▶ Task details
Your answer should be the records again, unchanged in wording and free of images.

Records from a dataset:

= = = = = = =

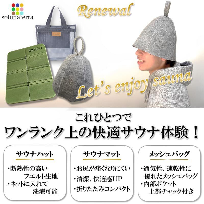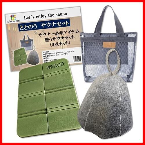 solunaterra サウナハット サウナマット スパバッグ 折りたたみ ととのう 銭湯セット (ハット&マット&バッグ)
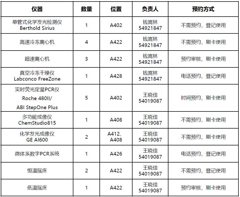 分子與細胞相關公用儀器的管理和維護,并定期進行儀器使用的指導和培訓。公用儀器包括高速及超速離心機、熒光定量PCR儀、微體系數字PCR系統、化學發光成像儀、化學發光檢測儀、酶標儀、真空冷凍干燥儀等。
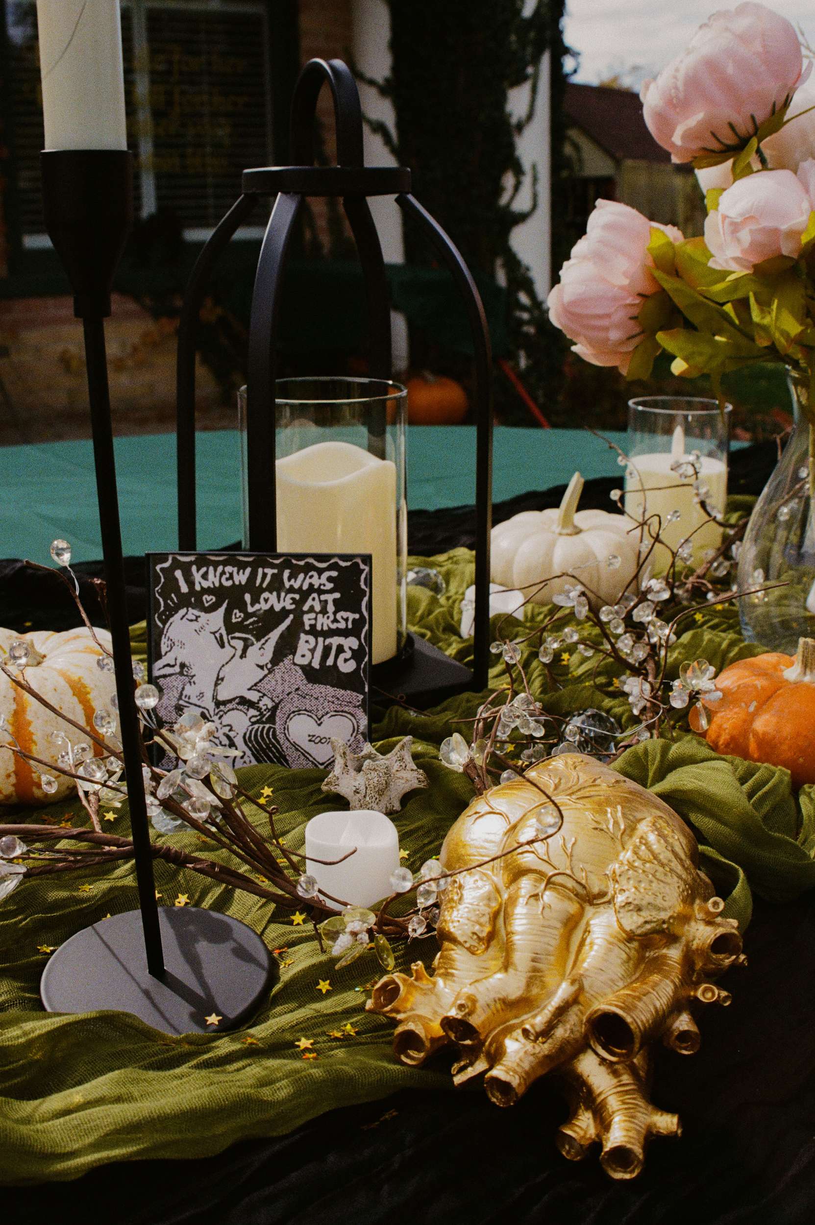 They also incorporated their love of punk, metal, and goth music by utilising lots of lyrics from their favourite bands, a handcrafted playlist, and an electric guitar guestbook. If they’d had more to spend, they would ahve loved a live punk band!
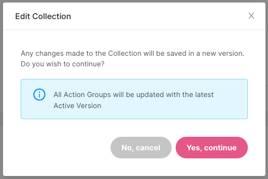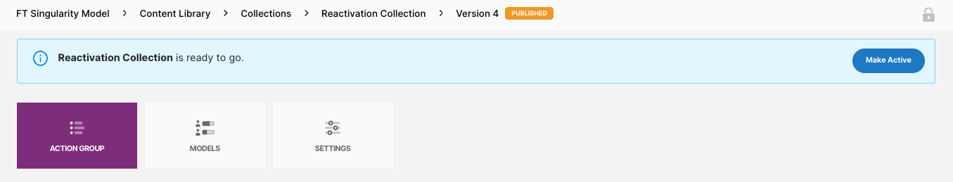 Para que uma Collection seja usada em uma Atividade/Ciclo de Vida (recurso em breve), a Collection precisa ter pelo menos uma versão Ativa.
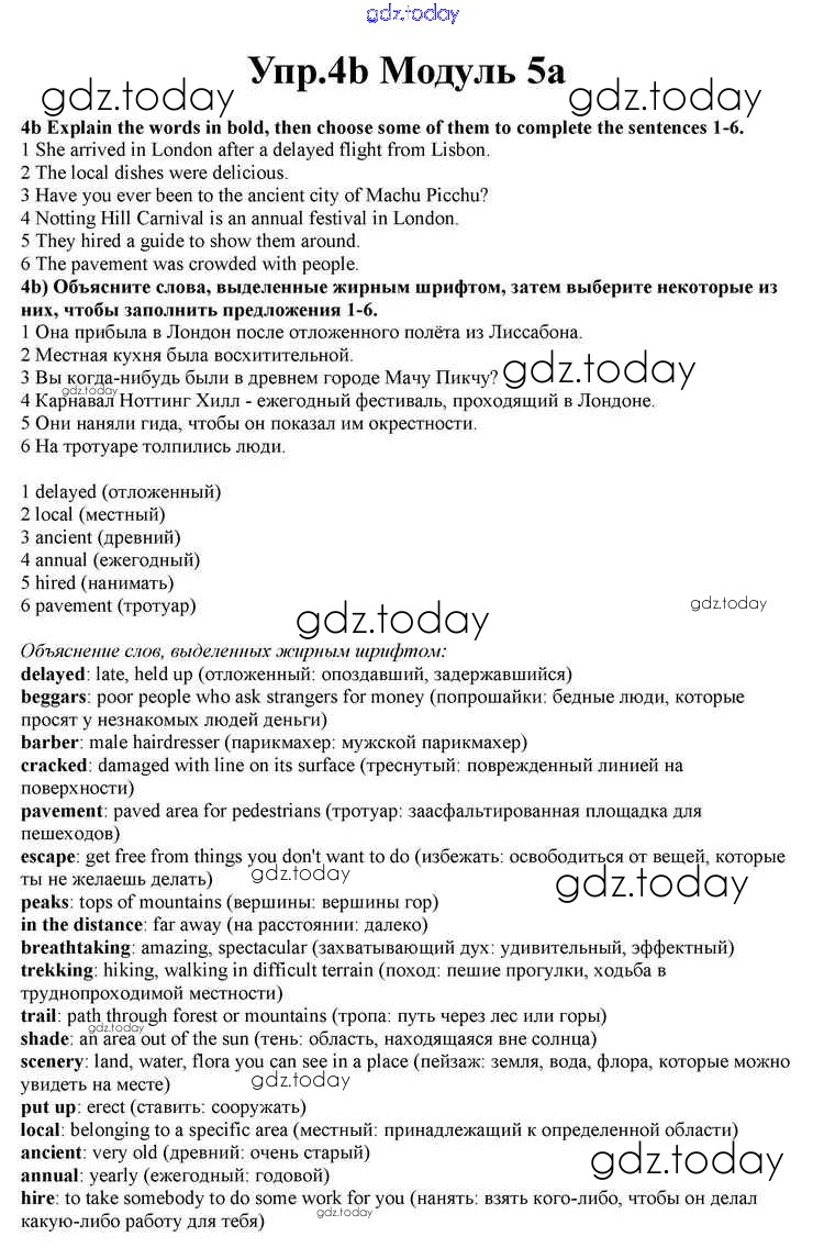 На страницах сайта gdz.today вы найдете учебный и вспомогательный материал, направленный на улучшения знаний школьной программы. ГДЗ - онлайн мир знаний Часть 5a Решение к Module 5 4b Учебнику по Английскому языку для 10 класса Афанасьева, Дули Просвещение Spotlight 2015
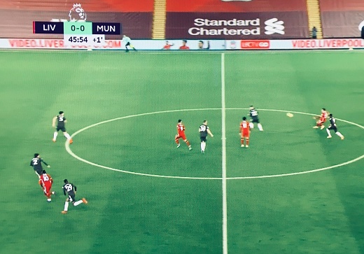 | Trọng tài thổi còi hết hiệp 1 khi Liverpool đang thực hiện đợt tấn công. |
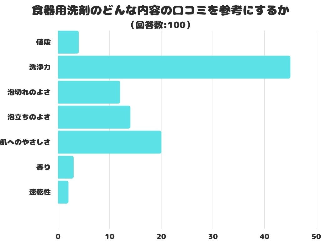 食器用洗剤のどんな内容の口コミを参考にするかをアンケートにて調査したところ、1位は「洗浄力」でした。
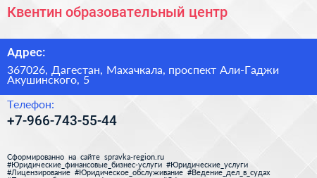 Квентин, образовательный центр по адресу 367026, Дагестан, Махачкала, проспект Али-Гаджи Акушинского, 5 в дальнейшем Организация, размещена в следующих категориях:
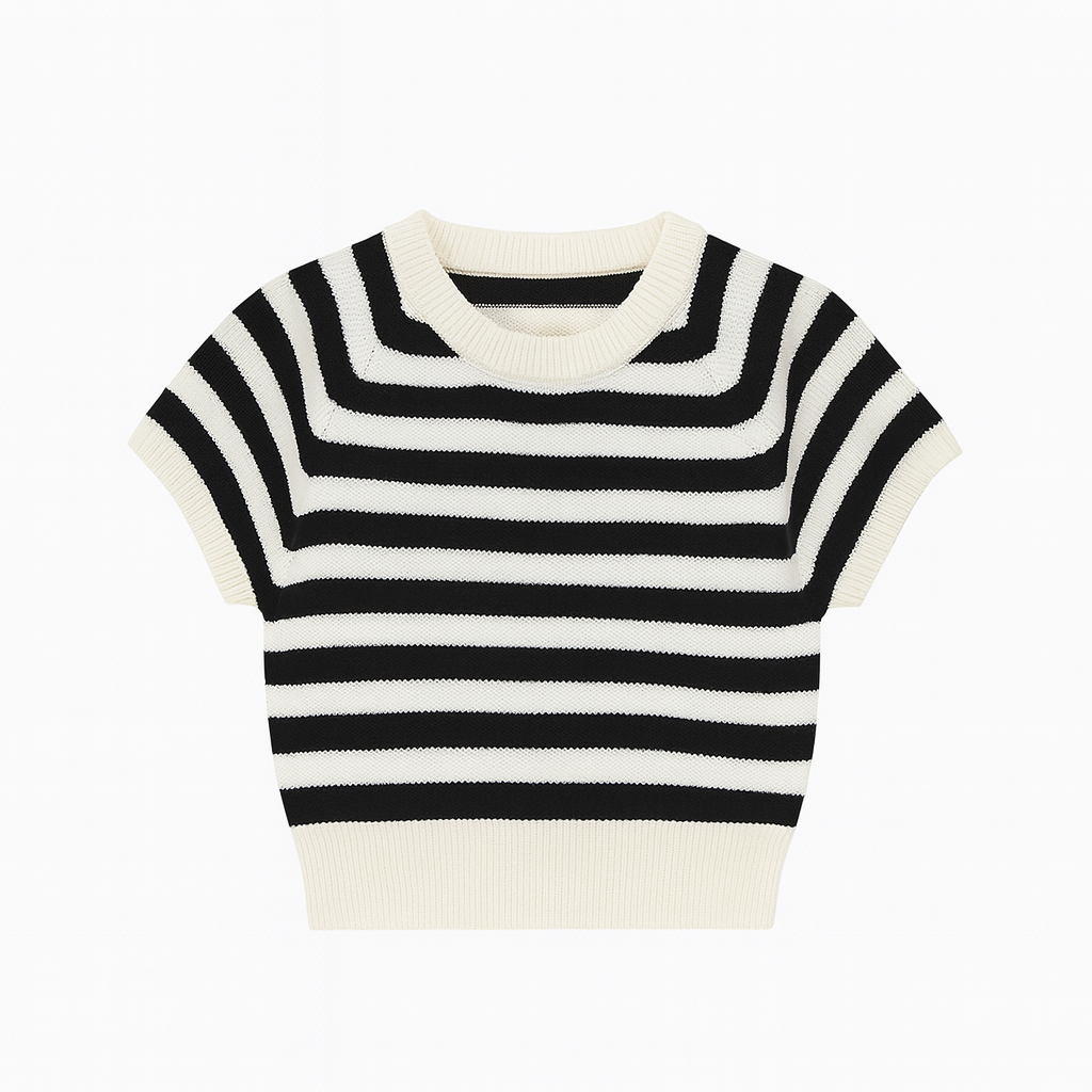 [082]GM MEIYANG [In Stock] Berry Knit Top Ice Silk Look Striped Patchwork U-neck Short Length Short Sleeve Top
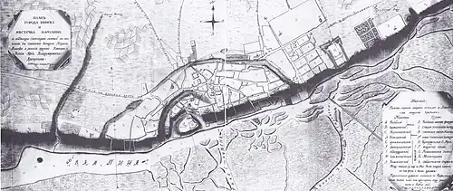 Состояли из замка и укреплений вокруг посада. Замок располагался на городище, на левом берегу реки Пины. В описи города за 1561—1566 годы упоминается башня «Владычная», которая стояла отдельно в северной части замковых укреплений. Кроме брамы с подъёмным мостом перед ней в линии обороны стояли еще не менее 3 башни, названия которых неизвестны. Периметр замковых укреплений составлял 0,5 км. Описание конструкции оборонительных стен замка отсутствует. Однако из повинностей крестьян замковой волости следует, что они были обязаны ухаживать за городней, сторожить замок, давать подводы. Мещане вместе с церковниками также выполняли замковую работу — рубили замок и паркан (оборонительное сооружение из деревянных столбов), ухаживали за оборонительным рвом и мостами.
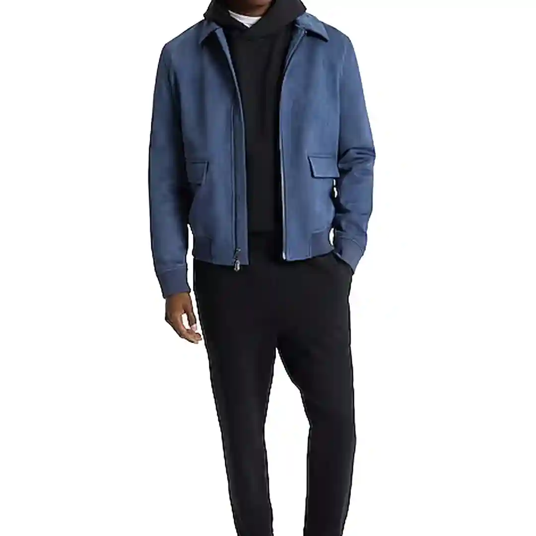 The Men’s Blue Faux Suede Leather Bomber Jacket by Leather Mate US combines the traditional bomber jacket design with a contemporary twist, bringing together style and function. Crafted from high-quality faux suede, this jacket promises both comfort and durability, making it a wardrobe staple for the modern man. The faux suede fabric is soft to the touch and offers a stylish alternative to traditional leather, while maintaining a durable and versatile look.
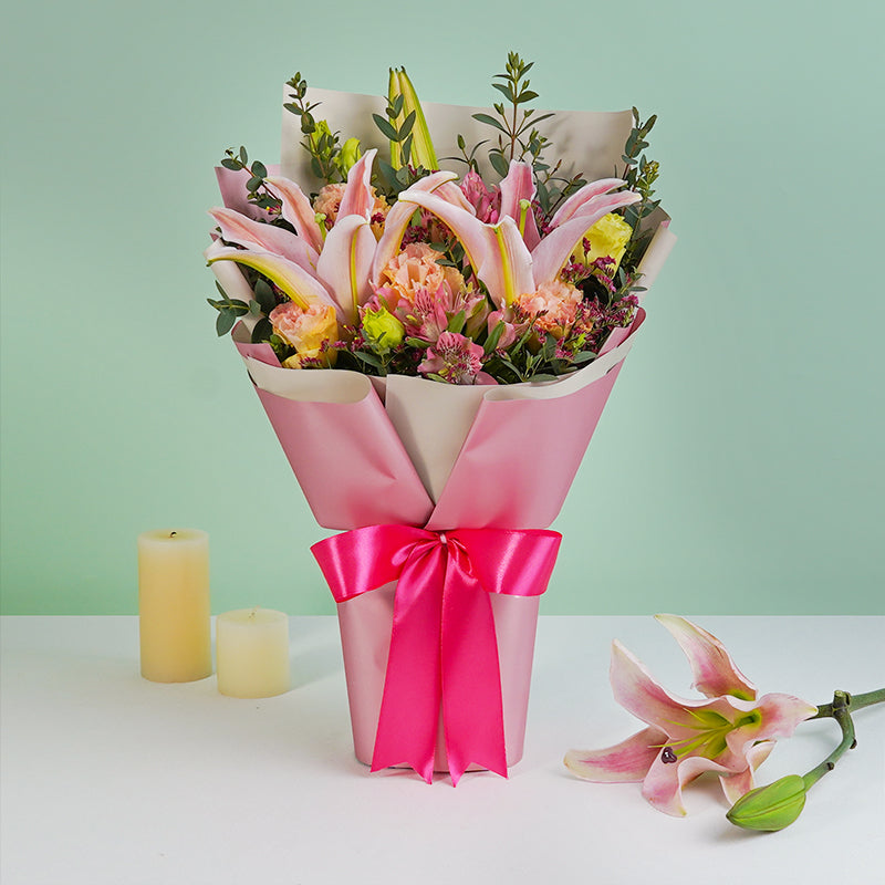 We're so glad you're happy with your lilies and the arrangement. Thanks for the lovely feedback! 😊
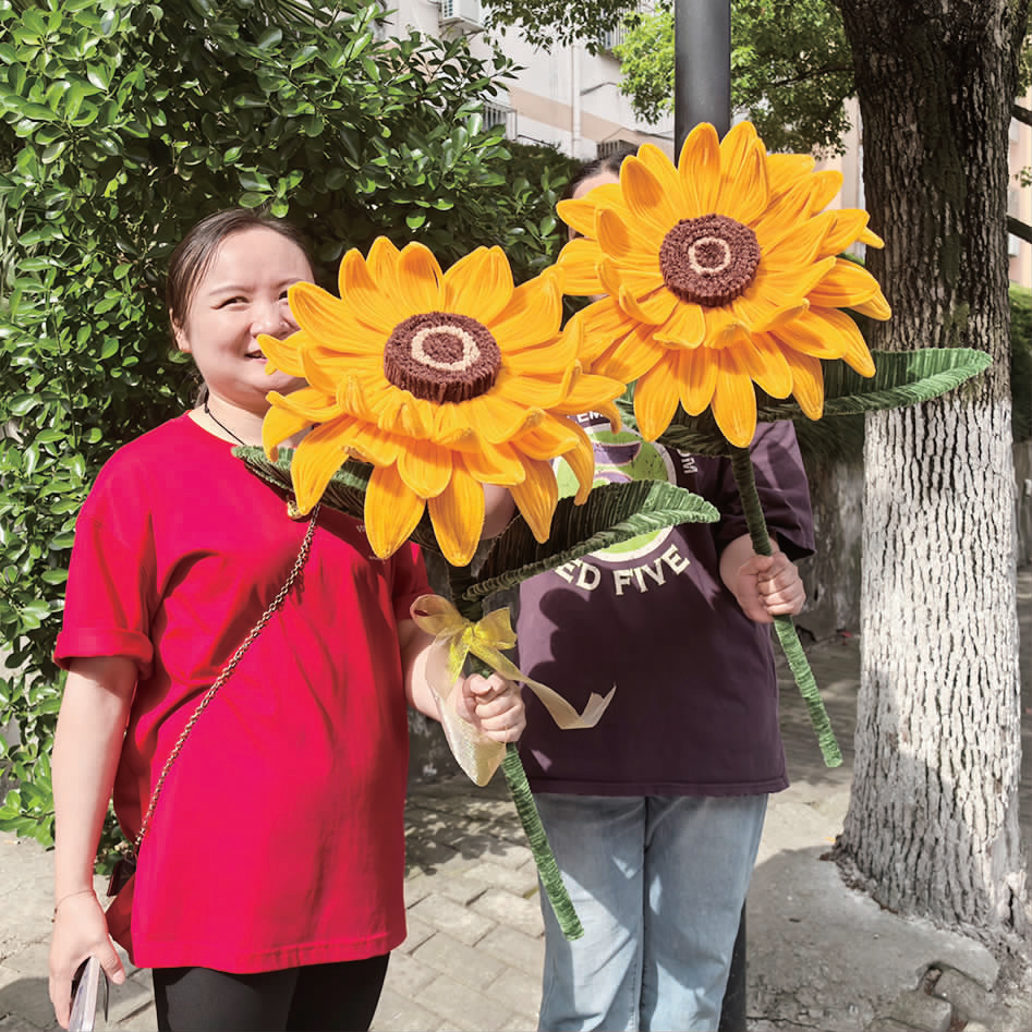 粽子、向日葵、祈福挂件……各种吉祥寓意的物品饱含着家长们的祝福。在海门实验中学考点,一株两米多高的“野生”向日葵成为考点外的别样风景。三个月前,考生家长李先生算好时间回到老家,亲自为女儿在田里播种,当天一早又回老家摘下花朵带来。“这枝向日葵刚好长了一百天,祝愿我的女儿一举夺魁。”李先生说。在海门中学考点门口,考生家长陆英举着亲手制作的扭扭棒向日葵,默默为孩子加油。“说实在话,我们做家长的比孩子都紧张,我昨晚都没睡好。不过孩子状态不错,我相信他一定可以梦想成真。”陆英说。
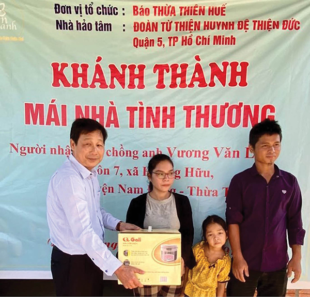 Lãnh đạo Báo Thừa Thiên Huế trao quà cho gia đình anh Vương Văn Lợm ngày vào nhà mới
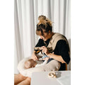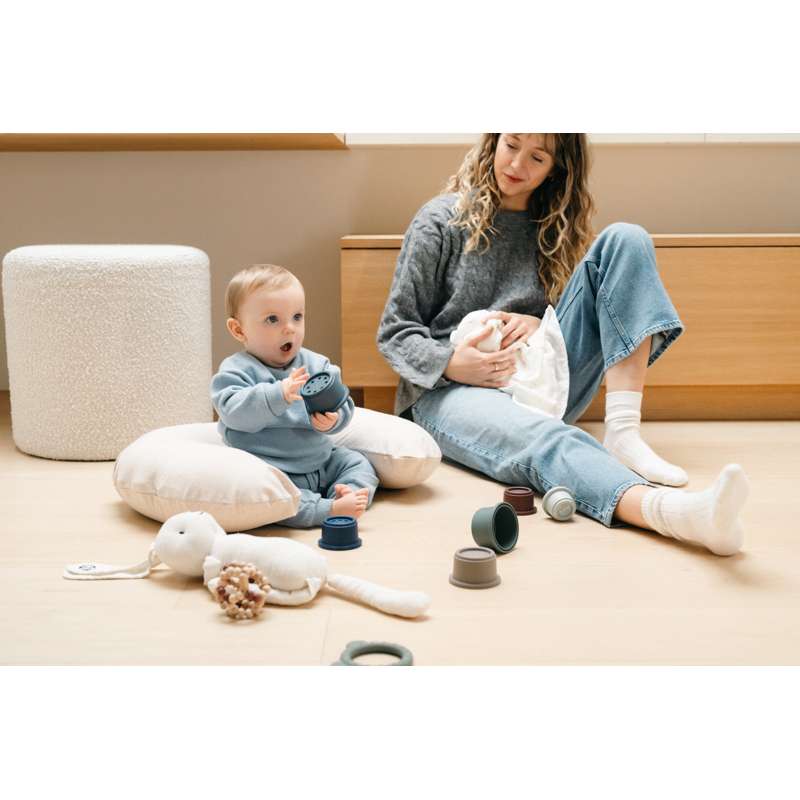 Den runde Doomoo-ammepude giver muligheden for at sidde godt rundt om mors mave. Puden er fyldt med små EPS-kugler, der dannes efter mor og baby's krop. Det er blødt og behageligt og bevarer sin fylde gennem amning uden at synke sammen. På denne måde mister babyen ikke grebet om brystvorten og får en optimal ammeposition.

= = = = = = =

▶ Exercise result
 solunaterra サウナハット サウナマット スパバッグ 折りたたみ ととのう 銭湯セット (ハット&マット&バッグ)
 分子與細胞相關公用儀器的管理和維護,并定期進行儀器使用的指導和培訓。公用儀器包括高速及超速離心機、熒光定量PCR儀、微體系數字PCR系統、化學發光成像儀、化學發光檢測儀、酶標儀、真空冷凍干燥儀等。
 They also incorporated their love of punk, metal, and goth music by utilising lots of lyrics from their favourite bands, a handcrafted playlist, and an electric guitar guestbook. If they’d had more to spend, they would ahve loved a live punk band!
 Para que uma Collection seja usada em uma Atividade/Ciclo de Vida (recurso em breve), a Collection precisa ter pelo menos uma versão Ativa.
 На страницах сайта gdz.today вы найдете учебный и вспомогательный материал, направленный на улучшения знаний школьной программы. ГДЗ - онлайн мир знаний Часть 5a Решение к Module 5 4b Учебнику по Английскому языку для 10 класса Афанасьева, Дули Просвещение Spotlight 2015
 | Trọng tài thổi còi hết hiệp 1 khi Liverpool đang thực hiện đợt tấn công. |
 食器用洗剤のどんな内容の口コミを参考にするかをアンケートにて調査したところ、1位は「洗浄力」でした。
 Квентин, образовательный центр по адресу 367026, Дагестан, Махачкала, проспект Али-Гаджи Акушинского, 5 в дальнейшем Организация, размещена в следующих категориях:
 [082]GM MEIYANG [In Stock] Berry Knit Top Ice Silk Look Striped Patchwork U-neck Short Length Short Sleeve Top
 Состояли из замка и укреплений вокруг посада. Замок располагался на городище, на левом берегу реки Пины. В описи города за 1561—1566 годы упоминается башня «Владычная», которая стояла отдельно в северной части замковых укреплений. Кроме брамы с подъёмным мостом перед ней в линии обороны стояли еще не менее 3 башни, названия которых неизвестны. Периметр замковых укреплений составлял 0,5 км. Описание конструкции оборонительных стен замка отсутствует. Однако из повинностей крестьян замковой волости следует, что они были обязаны ухаживать за городней, сторожить замок, давать подводы. Мещане вместе с церковниками также выполняли замковую работу — рубили замок и паркан (оборонительное сооружение из деревянных столбов), ухаживали за оборонительным рвом и мостами.
 The Men’s Blue Faux Suede Leather Bomber Jacket by Leather Mate US combines the traditional bomber jacket design with a contemporary twist, bringing together style and function. Crafted from high-quality faux suede, this jacket promises both comfort and durability, making it a wardrobe staple for the modern man. The faux suede fabric is soft to the touch and offers a stylish alternative to traditional leather, while maintaining a durable and versatile look.
 We're so glad you're happy with your lilies and the arrangement. Thanks for the lovely feedback! 😊
 粽子、向日葵、祈福挂件……各种吉祥寓意的物品饱含着家长们的祝福。在海门实验中学考点,一株两米多高的“野生”向日葵成为考点外的别样风景。三个月前,考生家长李先生算好时间回到老家,亲自为女儿在田里播种,当天一早又回老家摘下花朵带来。“这枝向日葵刚好长了一百天,祝愿我的女儿一举夺魁。”李先生说。在海门中学考点门口,考生家长陆英举着亲手制作的扭扭棒向日葵,默默为孩子加油。“说实在话,我们做家长的比孩子都紧张,我昨晚都没睡好。不过孩子状态不错,我相信他一定可以梦想成真。”陆英说。
 Lãnh đạo Báo Thừa Thiên Huế trao quà cho gia đình anh Vương Văn Lợm ngày vào nhà mới
 Den runde Doomoo-ammepude giver muligheden for at sidde godt rundt om mors mave. Puden er fyldt med små EPS-kugler, der dannes efter mor og baby's krop. Det er blødt og behageligt og bevarer sin fylde gennem amning uden at synke sammen. På denne måde mister babyen ikke grebet om brystvorten og får en optimal ammeposition.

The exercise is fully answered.